目だけが、研ぎ澄まされた刃のように光っていた。
「……電気を……止めちゃいけないんですよね」
親指を口から離さずに言う。
声は幼いのに、言葉だけが妙に冷静だった。
「爆弾の核は中に溜まった電気。電気を止めたら爆発する。でも、近づいたら……それも起爆につながる。
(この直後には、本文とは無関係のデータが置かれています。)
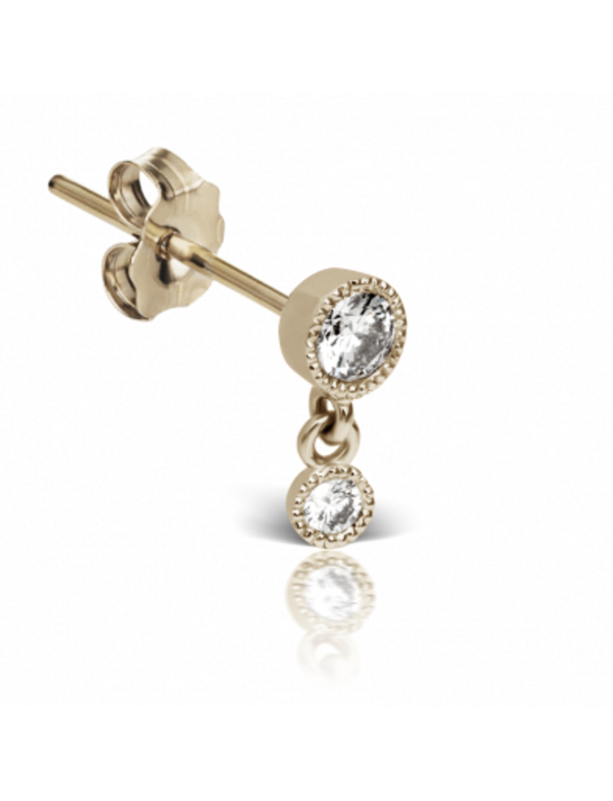 2mm diamond dangling below the 3mm diamond. A piece with pristine sparkle and a bit of movement.
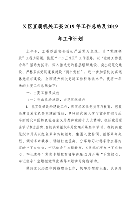 X区直属机关工委2019年工作总结及2019年工作计划.docx
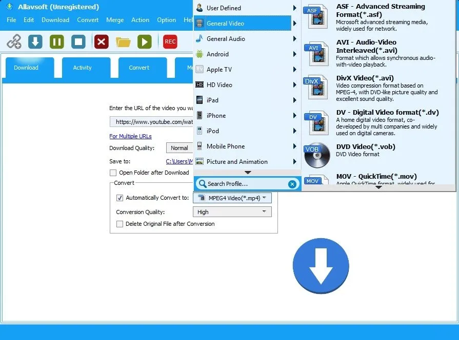 - Multiple Formats and Conversions: Allavsoft lets you download media in its original format and also instantly changes it to the format you want. MP4, AVI, WMV, MOV, WebM, FLV, and other file types can be used to play videos. MP3, WAV, M4A, FLAC, OGG, AIFF, and WMA are all audio files that can be played.
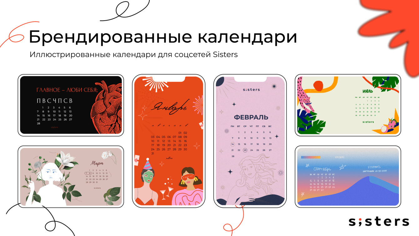 • Создание иллюстрированных календарей для креативного агентства Sisters (ежемесячно)

そして……放っておけば、内部の電気が増えて……いずれ臨界で爆発する……」
ひとつずつ条件を積み重ねるたびに、少年の瞳は鋭さを増していった。
「起爆は避けられない、か……?」
噛んでいた親指をゆっくり離し、湿った跡のついた指を、膝の上にそっと置いた。
「爆弾の“中の電気”を抜き取る方法があれば──爆発は最小限で済む」
ワイミーは顔を上げた。
その時だった。
──グラリッ!
重たい、地鳴りのような揺れが床を突き上げた。
研究室の壁が軋む。
棚に置かれた資料が雪崩のように崩れ落ちた。
「地震……!? 違う……これは──!」
「ワイミーさんッ、下がってください!」
少年が、反射的にワイミーの腕を引いた。
刹那、研究棟の西側から白い閃光が走った。
目を焼くほどの光。
──次の瞬間、照明が一斉に落ちた。
ワイミーが非常灯を手探りで点ける。
空気が震えていた。
「電源が……全部、落ちた?」
「EMP(電磁パルス)か?」
「EMP?」
「強い爆発が起きた時に発生する、“目に見えない衝撃波”だ。電気を使うものが、一瞬で全部こわれる」
ワイミーが報道用のモニターを操作する。
画面は、砂嵐。
ノイズだけが部屋に響いた。
「……映らない……!」
「情報が遮断されましたね……。でも、ひとつ確かなのは──」
少年は確かな声で言った。
「今の爆発、あれは“意図的な起爆”じゃない」
「……なに?」
「もし犯人が狙っていたなら、こんなに広範囲のEMPを出す必要はない。爆弾が“想定外の臨界”を起こした──つまり、28.7度を超えた」
ワイミーの喉が鳴った。
「……ということは、残る3基も──」
「もう時期爆発するでしょうね……」
少年が立ち上がる。
「猶予なんて、もうありません──急ぎましょう」
彼は立ち上がり、私をじっと見つめた。